Calling .astype(object) on a dataframe with numpy values converts the types of the values to the python equivalents, except for numy.str_.

Expected Behavior

I would expect that values with numpy.str_ would be turned into str.

Installed Versions

INSTALLED VERSIONS ------------------ commit : 0691c5cf90477d3503834d983f69350f250a6ff7 python : 3.10.12 python-bits : 64 OS : Linux OS-release : 5.15.0-126-generic Version : #136-Ubuntu SMP Wed Nov 6 10:38:22 UTC 2024 machine : x86_64 processor : x86_64 byteorder : little LC_ALL : None LANG : en_US.UTF-8 LOCALE : en_US.UTF-8 pandas : 2.2.3 numpy : 2.1.3 pytz : 2024.2 dateutil : 2.9.0.post0 pip : 22.0.2 Cython : None sphinx : None IPython : None adbc-driver-postgresql: None adbc-driver-sqlite : None bs4 : None blosc : None bottleneck : None dataframe-api-compat : None fastparquet : None fsspec : None html5lib : None hypothesis : None gcsfs : None jinja2 : None lxml.etree : None matplotlib : None numba : None numexpr : None odfpy : None openpyxl : None pandas_gbq : None psycopg2 : None pymysql : None pyarrow : None pyreadstat : None pytest : None python-calamine : None pyxlsb : None s3fs : None scipy : None sqlalchemy : None tables : None tabulate : None xarray : None xlrd : None xlsxwriter : None zstandard : None tzdata : 2024.2 qtpy : None pyqt5 : None

Comment From: rhshadrach

Thanks for the report. pandas does not have any support for NumPy string dtype yet, so these are treated purely as Python objects.
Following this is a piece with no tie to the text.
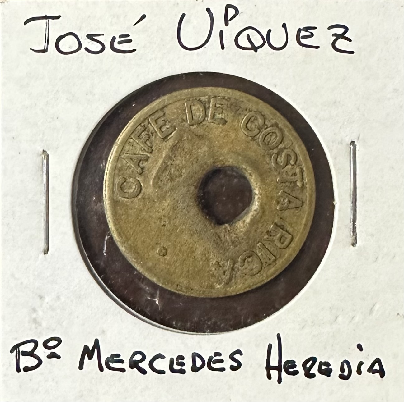 Boleto de café utilizado por el señor José Víquez en su finca en Barrio Mercedes de Heredia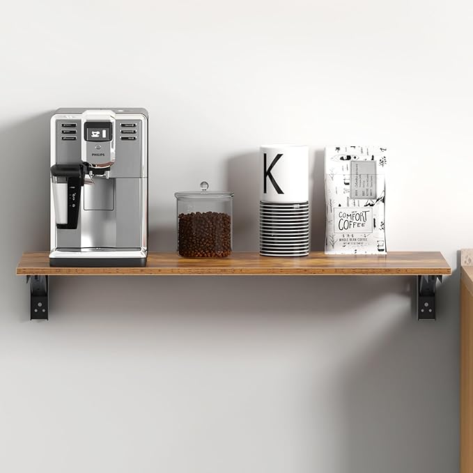 • ★SPACE SAVING:14 gauge cold rolled steel collapsible shelf brackets can fold the the desktop well.When not in use,it helps you keep your room and house organized and tidy.

That is why without conversion, pandas results in object dtype.

df_with_numpy_values = pd.DataFrame(
    {
        "col_int": [np.int64(1), np.int64(2)],
        "col_float": [np.float64(1.5), np.float64(2.5)],
        "col_bool": [np.bool_(True), np.bool_(False)],
        "col_str": [np.str_("a"), np.str_("b")],
    }
)
print(df_with_numpy_values.dtypes)
# col_int        int64
# col_float    float64
# col_bool        bool
# col_str       object
# dtype: object

@jorisvandenbossche @WillAyd - do we have any tracking issues for NumPy string dtype support? I'm not seeing any.

Comment From: jorisvandenbossche

@rhshadrach note that this is not about the numpy new string dtype, but about the older unicode string dtype "U" and its scalars (but an issue about the new numpy string dtype is https://github.com/pandas-dev/pandas/issues/58503)
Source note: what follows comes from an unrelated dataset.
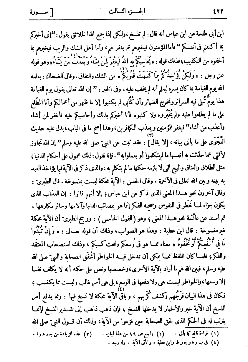 بْنِ أَبِي طَلْحَةَ عَنِ ابْنِ عَبَّاسٍ أَنَّهُ قَالَ: لَمْ تُنْسَخْ، وَلَكِنْ إِذَا جَمَعَ اللَّهُ الْخَلَائِقَ يَقُولُ:" إِنِّي أُخْبِرُكُمْ بِمَا أَكْنَنْتُمْ فِي أَنْفُسِكُمْ" فَأَمَّا الْمُؤْمِنُونَ فَيُخْبِرُهُمْ ثُمَّ يَغْفِرُ لَهُمْ، وَأَمَّا أَهْلُ الشَّكِّ وَالرَّيْبِ فَيُخْبِرُهُمْ بِمَا أَخْفَوْهُ مِنَ التَّكْذِيبِ، فَذَلِكَ قَوْلُهُ:" يُحاسِبْكُمْ بِهِ اللَّهُ فَيَغْفِرُ لِمَنْ يَشاءُ وَيُعَذِّبُ «١» مَنْ يَشاءُ" وَهُوَ قَوْلُهُ عَزَّ وَجَلَّ:" وَلكِنْ يُؤاخِذُكُمْ بِما كَسَبَتْ قُلُوبُكُمْ «٢» " مِنَ الشَّكِّ وَالنِّفَاقِ. وَقَالَ الضَّحَّاكُ: يُعْلِمُهُ اللَّهُ يَوْمَ الْقِيَامَةِ بِمَا كَانَ يُسِرُّهُ لِيَعْلَمَ أَنَّهُ لَمْ يَخَفْ عَلَيْهِ. وَفِي الْخَبَرِ:" إِنَّ اللَّهَ تَعَالَى يَقُولُ يَوْمَ الْقِيَامَةِ هَذَا يَوْمٌ تُبْلَى فِيهِ السَّرَائِرُ وَتُخْرَجُ الضَّمَائِرُ وَأَنَّ كُتَّابِي لَمْ يَكْتُبُوا إِلَّا مَا ظَهَرَ مِنْ أَعْمَالِكُمْ وَأَنَا الْمُطَّلِعُ عَلَى مَا لَمْ يَطَّلِعُوا عَلَيْهِ وَلَمْ يُخْبَرُوهُ وَلَا كَتَبُوهُ فَأَنَا أُخْبِرُكُمْ بِذَلِكَ وَأُحَاسِبُكُمْ عَلَيْهِ فَأَغْفِرُ لِمَنْ أَشَاءُ وَأُعَذِّبُ مَنْ أَشَاءُ" فَيَغْفِرُ لِلْمُؤْمِنِينَ وَيُعَذِّبُ الْكَافِرِينَ، وَهَذَا أَصَحُّ مَا فِي الْبَابِ، يَدُلُّ عَلَيْهِ حَدِيثُ النَّجْوَى عَلَى مَا يَأْتِي بَيَانُهُ، [لَا يُقَالُ «٣»]: فَقَدْ ثَبَتَ عَنِ النَّبِيِّ صَلَّى اللَّهُ عَلَيْهِ وَسَلَّمَ" إِنَّ اللَّهَ تَجَاوَزَ لِأُمَّتِي عَمَّا حَدَّثَتْ بِهِ أَنْفُسَهَا مَا لَمْ يَتَكَلَّمُوا أَوْ يَعْمَلُوا بِهِ". فَإِنَّا نَقُولُ: ذَلِكَ مَحْمُولٌ عَلَى أَحْكَامِ الدُّنْيَا، مِثْلَ الطَّلَاقِ وَالْعَتَاقِ وَالْبَيْعِ الَّتِي لَا يَلْزَمُهُ حُكْمُهَا مَا لَمْ يَتَكَلَّمْ بِهِ، وَالَّذِي ذُكِرَ فِي الْآيَةِ فِيمَا يُؤَاخَذُ الْعَبْدُ بِهِ بَيْنَهُ وَبَيْنَ اللَّهِ تَعَالَى فِي الْآخِرَةِ. وَقَالَ الْحَسَنُ: الْآيَةُ مُحْكَمَةٌ لَيْسَتْ بِمَنْسُوخَةٍ. قَالَ الطَّبَرِيُّ: وَقَالَ آخَرُونَ نَحْوَ هَذَا الْمَعْنَى الَّذِي ذُكِرَ عَنِ ابْنِ عَبَّاسٍ، إِلَّا أَنَّهُمْ قَالُوا: إِنَّ الْعَذَابَ الَّذِي يَكُونُ جَزَاءً لِمَا خَطَرَ فِي النُّفُوسِ وَصَحِبَهُ الْفِكْرُ إِنَّمَا هُوَ بِمَصَائِبِ الدُّنْيَا وَآلَامِهَا وَسَائِرِ مَكَارِهِهَا. ثُمَّ أُسْنِدَ عَنْ عَائِشَةَ نَحْوُ هَذَا الْمَعْنَى، وَهُوَ (الْقَوْلُ الْخَامِسُ): وَرَجَّحَ الطَّبَرِيُّ أَنَّ الْآيَةَ مُحْكَمَةٌ غَيْرُ مَنْسُوخَةٍ: قَالَ ابْنُ عَطِيَّةَ: وَهَذَا هُوَ الصَّوَابُ، وَذَلِكَ أَنَّ قَوْلَهُ تَعَالَى:" وَإِنْ تُبْدُوا مَا فِي أَنْفُسِكُمْ أَوْ تُخْفُوهُ" مَعْنَاهُ مِمَّا هُوَ فِي وُسْعِكُمْ وَتَحْتَ كَسْبِكُمْ، وَذَلِكَ اسْتِصْحَابُ الْمُعْتَقَدِ وَالْفِكْرِ، فَلَمَّا كَانَ اللَّفْظُ مِمَّا يُمْكِنُ أَنْ تَدْخُلَ فِيهِ الْخَوَاطِرُ أَشْفَقَ الصَّحَابَةُ وَالنَّبِيُّ صَلَّى اللَّهُ عَلَيْهِ وَسَلَّمَ، فَبَيَّنَ اللَّهُ لَهُمْ مَا أَرَادَ بِالْآيَةِ الْأُخْرَى، وَخَصَّصَهَا وَنَصَّ عَلَى حُكْمِهِ أَنَّهُ لَا يُكَلِّفُ نَفْسًا إِلَّا وُسْعَهَا، وَالْخَوَاطِرُ لَيْسَتْ هِيَ وَلَا دَفْعُهَا فِي الْوُسْعِ، بَلْ هِيَ أَمْرٌ غَالِبٌ وَلَيْسَتْ مِمَّا يُكْتَسَبُ، فَكَانَ فِي هَذَا الْبَيَانِ فَرَجُهُمْ وَكَشْفُ كُرَبِهِمْ، وَبَاقِي «٤» الْآيَةِ مُحْكَمَةٌ لَا نَسْخَ فِيهَا: وَمِمَّا يَدْفَعُ أَمْرَ النَّسْخِ أَنَّ الْآيَةَ خَبَرٌ وَالْأَخْبَارُ لَا يَدْخُلُهَا النَّسْخُ، فَإِنْ ذَهَبَ ذَاهِبٌ إِلَى تَقْدِيرِ النَّسْخِ فَإِنَّمَا يَتَرَتَّبُ لَهُ فِي الْحُكْمِ الَّذِي لَحِقَ الصَّحَابَةَ حِينَ فَزِعُوا مِنَ الْآ

Calling .astype(object) on a dataframe with numpy values converts the types of the values to the python equivalents, except for numy.str_.
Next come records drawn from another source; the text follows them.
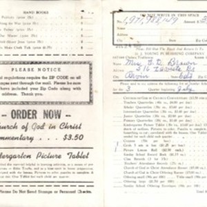Order Form (C.D. Brown) requesting Sunday School Literature from D.J. Young Publishing Company, 1970 July 3. [Description English/roman)]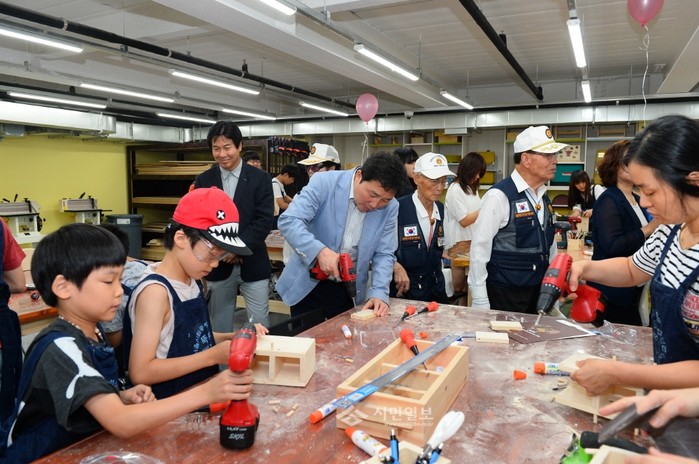 이날 개소식에서 서 의장은 드릴을 직접 사용해 책꽂이를 만들어 보는 등 청소년의 입장에서 체험활동에 동참했다.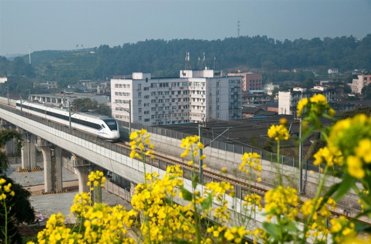 On March 10, 2019, on the outskirts of Pujiang County, Sichuan, the China Railway High-speed (CRH) drove past the village full of flowers. Chengya Railway, a section of the Sichuan-Tibet Railway, has been running through the whole line. (Photo by Zhu Chunjian from People’s Daily Online)

The issue here is that this column is already object dtype (storing those np.str_ scalars), as @rhshadrach showed above, and therefore the astype(object) step does nothing.

With the upcoming pandas 3.0 (or on main testing with enabling the future option), we will start to infer the numpy scalars as a proper string dtype instead of object dtype, and at that point astype(object) will also convert it to python strings:

In [13]: pd.options.future.infer_string = True

In [14]: df_with_numpy_values = pd.DataFrame(
    ...:     {
    ...:         "col_int": [np.int64(1), np.int64(2)],
    ...:         "col_float": [np.float64(1.5), np.float64(2.5)],
    ...:         "col_bool": [np.bool_(True), np.bool_(False)],
    ...:         "col_str": [np.str_("a"), np.str_("b")],
    ...:     }
    ...: )

In [15]: print(df_with_numpy_values.dtypes)
col_int        int64
col_float    float64
col_bool        bool
col_str          str
dtype: object

In [16]: type(df_with_numpy_values["col_str"].astype(object)[0])
Out[16]: str

Comment From: rhshadrach

Thanks @jorisvandenbossche! With that, I don't see anything that needs to be done here. Marking as a closing candidate.

Comment From: jorisvandenbossche

Indeed, closing.